AT a press conference held in Bonn on January 21, 1992, which was featured in the major German newspapers and on German television, the Chairman of the German Federation of Industry and Trade, together with some German arbitration specialists, announced the foundation of the German Arbitration Institution (‘ Deutsche Institution fur Schiedsgerichtsbarkeit, e.V .’, ‘ DIS ’) on January 1, 1992, Some months earlier, on October 31, 1991, the Working Group on the Reform of the German Law of Civil Procedure had held its inaugural session at the Federal Ministry of Justice in Bonn to commence work on the reform of German arbitration law. These dates mark the beginning of a new era of international arbitration in Germany. The development deserves attention for various reasons. German unification has made Germany the gateway to Eastern Europe.
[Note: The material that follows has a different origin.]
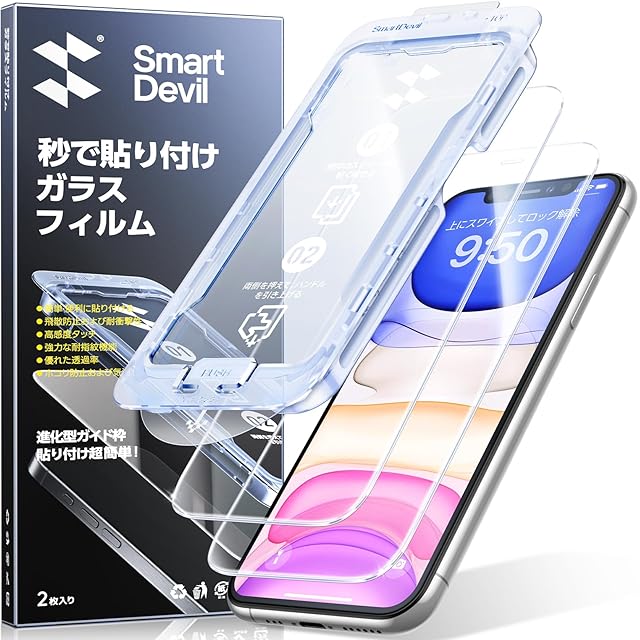 製品について: 「画期的なガイド枠」SmartDevil ガラスフィルム いphone11/XR 用 ガラスフィルム 貼り付け超簡単 0.3mm極薄 米軍MIL規格 落下保護 気泡ゼロ スムーズ 高感度タッチ 指紋防止 耐衝撃性 アイフォン11/XR iphone 11/XR用 強化ガラス 2枚セット 商品の情報: 対応機種:iPhone11/XR 材料:9Hガラス 商品サイズ:6.1 インチ 製品サイズ:14.3cm×6.8cm 付属品:強化ガラスフィルム×2、進化型ガイド枠×1、補助ツールキット×2,取扱説明書×1 期間:365日間 機能: 1.耐衝撃性と耐摩耗性 2.抜群な透明感 3.スムーズと高感度タッチ 4.撥水、防水、指紋防止、飛散防止 5.気泡ゼロ、ホコリゼロ、ズレセロ 6.貼り付け超簡単 Q&A: 1.上手く貼れるか心配ですが、こちら気泡が残りますか。気泡って入らないんですか。 気泡は残らない商品です。いphone11/XR 用ガラスフィルムの貼り付けは、とても簡単にできます。気泡ができても慌てずにじっくりと指で押し出すだけで綺麗に貼れます。結論から言えば多少の気泡は後から擦って出せばよくそれでも多少は残りますが自然と出るようです。気泡ができた場合は指の腹でゆっくり押し出せば綺麗に抜けるので大丈夫ですよ。 2.初めて自分でガラスフィルムを貼ろうと思っているんですが、このiphone 11/XR 用ガラスフィルムは初心者に向いているのでしょうか? 貼り付け簡単です。ガイド枠やクロスやアルコールパッド、ほこり取りシール等、十分なキットも付属品としてセットされておりました。説明書も日本語でわかりやすいです(貼り方の動画のQRコード付き)! 3.iphone11/XR 用ガラスフィルム本体は全て透明ですか?黒色などでガラスフィルムを縁取りしてませんか? この11/XR 用ガラスフィルムは縁取りされていません。端まで3~5mmの隙間があり、端まで覆われません。外装用のケース向けで、外装カバーと併用して、あえて全体を覆わない仕様にしています。4.この11/XR 用ガラスフィルムが指紋(手垢)はどの程度残りますか? 初めのうちは全然気にならないくらい指紋はつきません。使っているうちに少しついてきますが乾拭きで消えるので問題ないです。よほど脂のついた指で触らない限り気にならないです。

The political and economic changes in this part of the world, and the need to build up run-down state economies, will lead to a substantial increase in commercial and financial activities. The state of judicial emergence of the court systems in Eastern Europe makes arbitration the only viable alternative for an effective dispute resolution process for these cross-border transactions. This is true, not only for the traditional commercial contract, but also for financial agreements, even though banks and other lending institutions have traditionally refrained from accepting arbitration agreements in their contracts. Also, the coming EC Single European Market, and the expected substantial rise in cross-border trade and resulting commercial disputes, account for Germany's increasing significance on the international arbitration scene.1 International practitioners and academicians alike have long since deplored the striking contrast between Germany's strong position in world trade and the small number of international arbitrations taking place in Germany every year. Professor Sandrock has aptly described this phenomenon: > Though it is an elephant …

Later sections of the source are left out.